> _WORK REQUEST_
First find the line with "つまり、海外で成果を出している企業ほど、「販売の仕組みづくり」", then reproduce it and all following lines of the data to the end, exactly and with no pictures, adding nothing.

> _INFORMATION PROVIDED_

────────────────────────────────────────

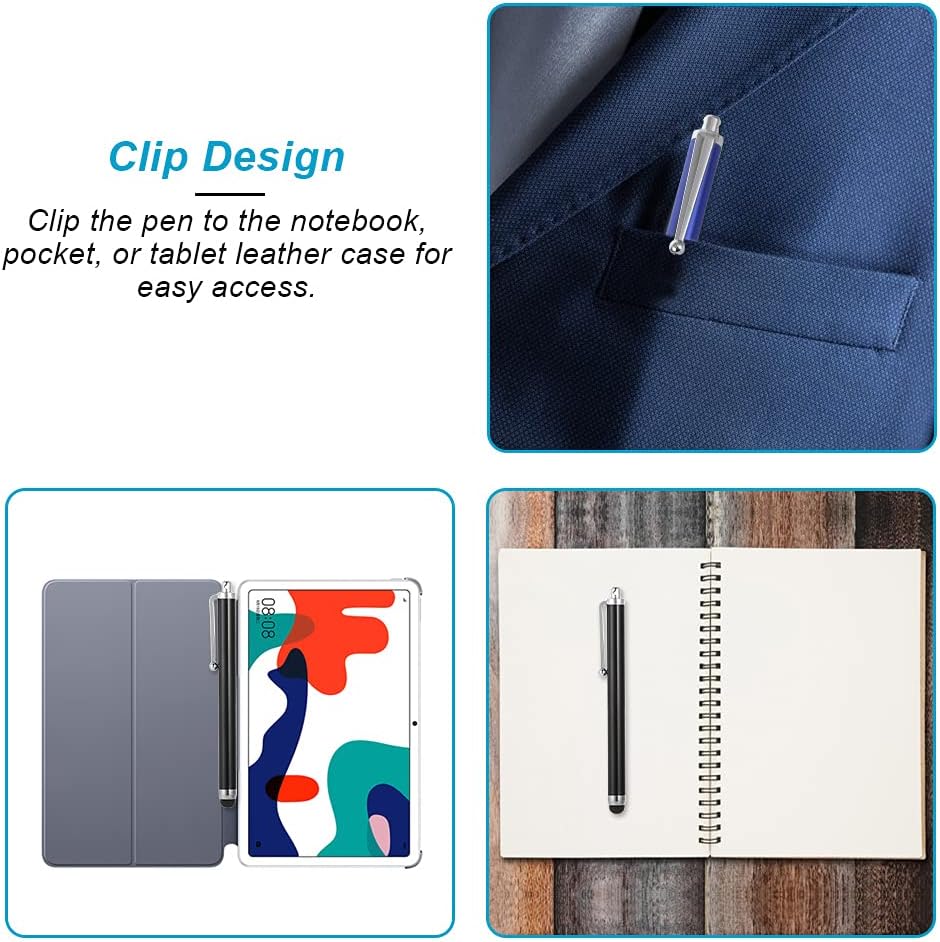 Easy to carry: With a clip on the top of the tablet stylus, you can hang the touch pens on your backpack or clip it to your pocket and book.
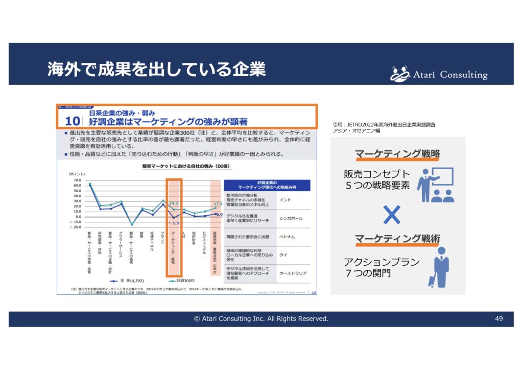 つまり、海外で成果を出している企業ほど、「販売の仕組みづくり」
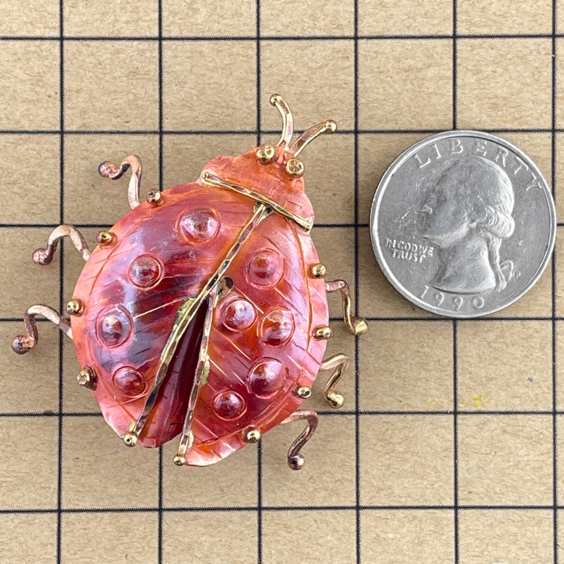 Ladybug Pendant in Genuine Copper with Brass Accents

────────────────────────────────────────

> _RESPONSE TO THE EXERCISE_
 つまり、海外で成果を出している企業ほど、「販売の仕組みづくり」
 Ladybug Pendant in Genuine Copper with Brass Accents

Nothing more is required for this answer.